** Opening Given material block **
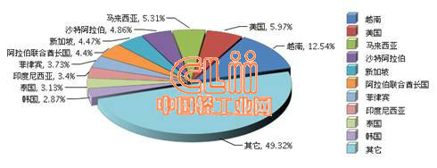 从出口增速看,对越南、阿拉伯联合酋长国、美国、菲律宾出口额大幅增长,增速在30%以上。其中出口越南占比在上年度升至首位后继续保持较快增长,占比较上年提高了4.36个百分点。对美国出口由上年第五升至第二,占比提高了1.62个百分点。而对马来西亚、印度尼西亚出口同比下降,降幅分别为6.86%、27.18%,详见图2。
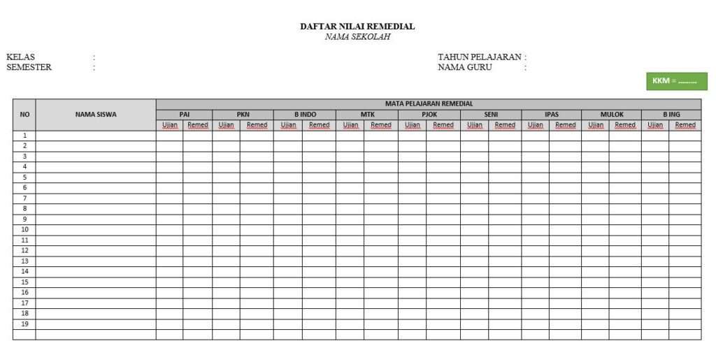 Setelah selesai ujian sekolah sebagian siswa biasanya dihadapkan dengan remedial atau perbaikan nilai. Remedial ini hanya diperuntukan oleh siswa yang nilainya kurang atau di bawah KKM. Untuk memperbaiki nilai, setiap guru harus memiliki format nilai remedial sebagai acuan perbandingan dalam memperbaiki nilai dibawah KKM. Ada berbagai banyak cara untuk memperbaiki nilai yang kurang di bawah KKM, disini kita akan bahas beberapa cara agar siswa tidak remedial lagi beserta format nilai remidialnya.
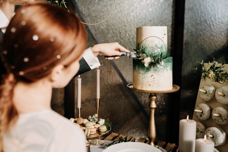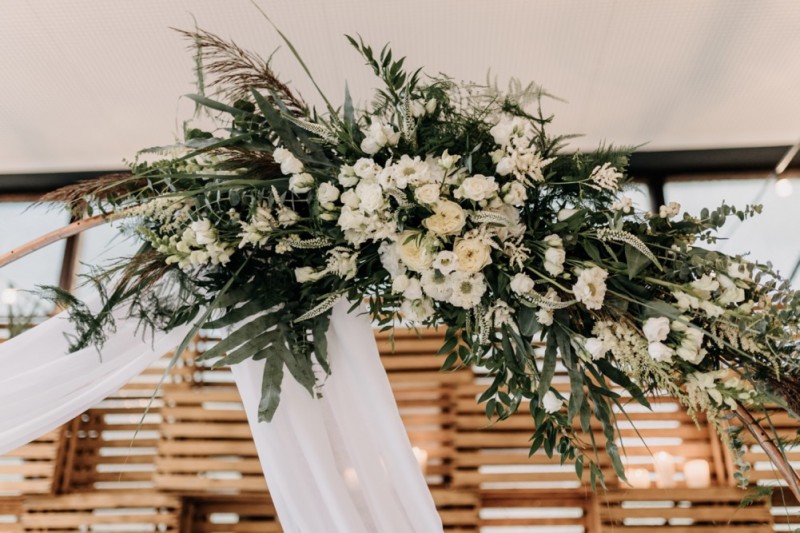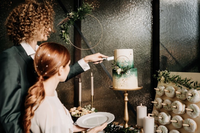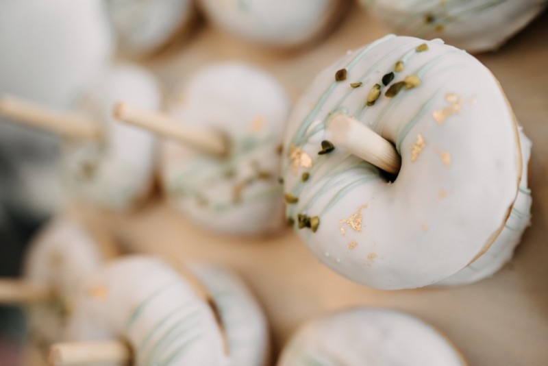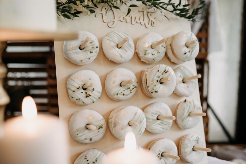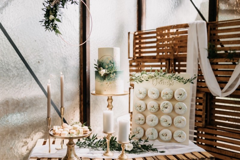 Dieses schöne und fließenden Konzept wurde auch beim opulenten Sweet Table perfekt umgesetzt! Unter weiteren Blumenringen findet sich hier, dank Sanelas Tortenwelt, eine grandiose Hochzeitstorte, die in weißen und grünen Farbverläufen, einem seitlichen Blumenring und ganz feinen Golddetails in der besonderen Struktur aufwartet. Zudem finden sich köstliche Macarons auf einem goldenen Tablett, sowie eine Donut Wall dessen saftige Donuts mit einem weiß-grünem Zuckerguss begeistern. Und auch hier umspielen viele kleine Blumenarrangements die Sweets des Sweet Tables.
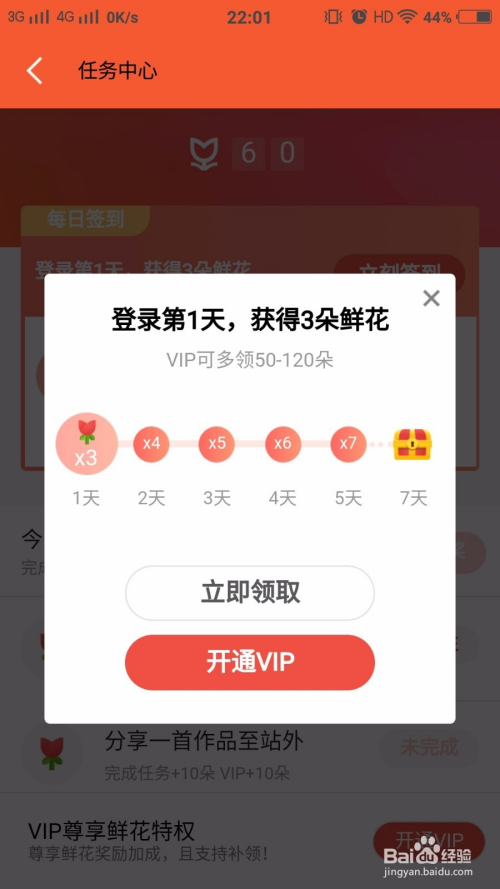 第二步,登录全平易近K歌,天天登录可以获得3朵鲜花,若是是绿钻则可以余外获得8朵鲜花,如图所示:
** Closing Given material block **
▸ **Required work**: Reproduce the listing verbatim, and keep the pictures out of the copy.

▸ **Written response**:
 从出口增速看,对越南、阿拉伯联合酋长国、美国、菲律宾出口额大幅增长,增速在30%以上。其中出口越南占比在上年度升至首位后继续保持较快增长,占比较上年提高了4.36个百分点。对美国出口由上年第五升至第二,占比提高了1.62个百分点。而对马来西亚、印度尼西亚出口同比下降,降幅分别为6.86%、27.18%,详见图2。
 Setelah selesai ujian sekolah sebagian siswa biasanya dihadapkan dengan remedial atau perbaikan nilai. Remedial ini hanya diperuntukan oleh siswa yang nilainya kurang atau di bawah KKM. Untuk memperbaiki nilai, setiap guru harus memiliki format nilai remedial sebagai acuan perbandingan dalam memperbaiki nilai dibawah KKM. Ada berbagai banyak cara untuk memperbaiki nilai yang kurang di bawah KKM, disini kita akan bahas beberapa cara agar siswa tidak remedial lagi beserta format nilai remidialnya.
 Dieses schöne und fließenden Konzept wurde auch beim opulenten Sweet Table perfekt umgesetzt! Unter weiteren Blumenringen findet sich hier, dank Sanelas Tortenwelt, eine grandiose Hochzeitstorte, die in weißen und grünen Farbverläufen, einem seitlichen Blumenring und ganz feinen Golddetails in der besonderen Struktur aufwartet. Zudem finden sich köstliche Macarons auf einem goldenen Tablett, sowie eine Donut Wall dessen saftige Donuts mit einem weiß-grünem Zuckerguss begeistern. Und auch hier umspielen viele kleine Blumenarrangements die Sweets des Sweet Tables.
 第二步,登录全平易近K歌,天天登录可以获得3朵鲜花,若是是绿钻则可以余外获得8朵鲜花,如图所示:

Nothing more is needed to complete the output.